# 2 Industrial Fans on One Switch



## Thedailyb (Nov 25, 2019)

Hello,

I am planning on installing two industrial fans in my pole barn.  Both fans would be controlled by the same switch.  I plan on having an electrician check the work before it is plugged into panel but I am hoping to save money and do most of the work myself...

Here are some facts that might help you understand:

-Here is a link to the wiring diagram from the manufacturer of the fans and the switch:  https://www.canarm.com/assets/product/documents/M0062-CNFRMC5-060607.pdf
-I have a 100 amp subpanel in barn with lots of room left over.  
-I live in Michigan in case the code for my questions might depend on my location. 
-The fan shows five wires coming from it (including the ground).

Here are my questions (please bear with me as I am not an electrician):

-Do I connect the fans together and then run a connection to the switch?  Or would I run separate connections from each fan to the switch?  The second choice would require more wiring.

-What type of wire would I use to connect the fans together (via the five wires)?  I live in Michigan if that impacts the code.  Could I use a couple 12/2 romex and mark the wires carefully?  (This would leave me with an extra ground wire that would not be used.).
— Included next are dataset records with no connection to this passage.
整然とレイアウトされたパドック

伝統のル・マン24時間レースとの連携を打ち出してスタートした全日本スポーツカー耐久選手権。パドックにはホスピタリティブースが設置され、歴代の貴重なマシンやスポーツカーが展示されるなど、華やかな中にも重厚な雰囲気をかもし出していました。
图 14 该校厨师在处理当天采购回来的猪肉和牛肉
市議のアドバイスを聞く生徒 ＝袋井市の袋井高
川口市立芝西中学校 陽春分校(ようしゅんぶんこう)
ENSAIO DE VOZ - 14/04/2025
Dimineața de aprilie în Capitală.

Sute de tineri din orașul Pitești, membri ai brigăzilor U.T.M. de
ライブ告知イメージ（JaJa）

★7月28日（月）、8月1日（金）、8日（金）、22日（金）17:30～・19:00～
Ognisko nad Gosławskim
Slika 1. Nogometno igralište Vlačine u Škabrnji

Or should I use something thinner so that it is cheaper and easier to fit into junction boxes?

-I am planning on using a 20amp breaker in the panel box?  Is this what you’d recommend?

Thanks in advance for any help that you could provide!


----------



## ICE (Nov 25, 2019)

You should hire the electrician.  Many times that turns out to be less expensive than saving a few dollars by doing yourself.
_
SAFETY WARNING - PLEASE READ CAREFULLY A *qualified electrician* in accordance with the national electrical code and other local codes, which may apply, should install unit. This control must be grounded when installed. Failure to follow these instructions may result in electrical shock or a fire hazard. To reduce the risk of fire or electrical shock this control must not be used at ratings exceeding those clearly marked on the device. The manufacturer is not responsible for any expense, inconvenience or consequent damage caused by items of our manufacture or sale._


----------



## Thedailyb (Nov 25, 2019)

Thanks.  I plan on hiring the electrician to look over the work before it is connected to the panel but I am hoping to save some money by doing some/most of the work beforehand.


----------



## e hilton (Nov 25, 2019)

Thedailyb said:


> Thanks.  I plan on hiring the electrician to look over the work before it is connected .
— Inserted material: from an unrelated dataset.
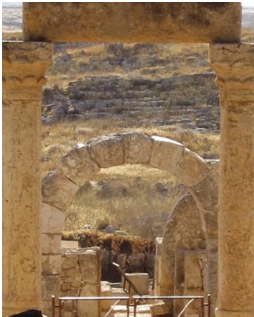
בואו שעזריו • בית הכנסת העתיק בטוסיא • סלו ונגרובסקי
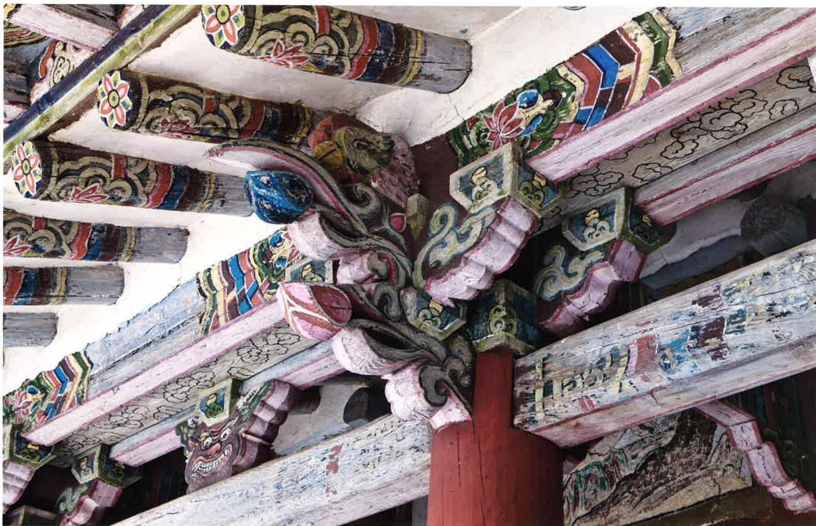
원통전 앞면 주상포 / 圓通殿 前面 柱上包 / brackets above front columns, Wont'ongjon hall

No reason you can’t ask Sparky to look at the wiring diagram and tell you what to install.


----------



## ICE (Nov 25, 2019)

e hilton said:


> No reason you can’t ask Sparky to look at the wiring diagram and tell you what to install.
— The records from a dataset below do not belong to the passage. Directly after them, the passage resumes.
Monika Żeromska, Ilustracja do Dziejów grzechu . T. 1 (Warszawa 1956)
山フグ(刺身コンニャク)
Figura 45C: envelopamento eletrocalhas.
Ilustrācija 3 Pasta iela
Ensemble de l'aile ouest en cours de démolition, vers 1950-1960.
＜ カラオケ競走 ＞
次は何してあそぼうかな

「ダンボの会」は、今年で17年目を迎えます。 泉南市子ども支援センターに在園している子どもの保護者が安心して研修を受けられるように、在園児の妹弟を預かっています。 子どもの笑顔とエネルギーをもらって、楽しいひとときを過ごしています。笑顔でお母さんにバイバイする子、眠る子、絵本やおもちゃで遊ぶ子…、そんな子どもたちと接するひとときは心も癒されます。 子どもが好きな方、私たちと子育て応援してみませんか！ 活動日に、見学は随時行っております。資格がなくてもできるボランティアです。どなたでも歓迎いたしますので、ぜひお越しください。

Perhaps he can post the diagram here.  Somebody can help him get the wire as thin as possible.


----------



## Thedailyb (Nov 25, 2019)

Here is the wiring diagram for the switch from the manufacturer:   https://www.canarm.com/assets/product/documents/M0062-CNFRMC5-060607.pdf


----------



## ICE (Nov 25, 2019)

Thedailyb said:


> Here is the wiring diagram for the switch from the manufacturer:   https://www.canarm.com/assets/product/documents/M0062-CNFRMC5-060607.pdf


Well if you do it like that there won't be a leftover green wire....oh but wait a minute you need a wiring diagram that shows two fans and one control....now I see where you're getting the extra green wire.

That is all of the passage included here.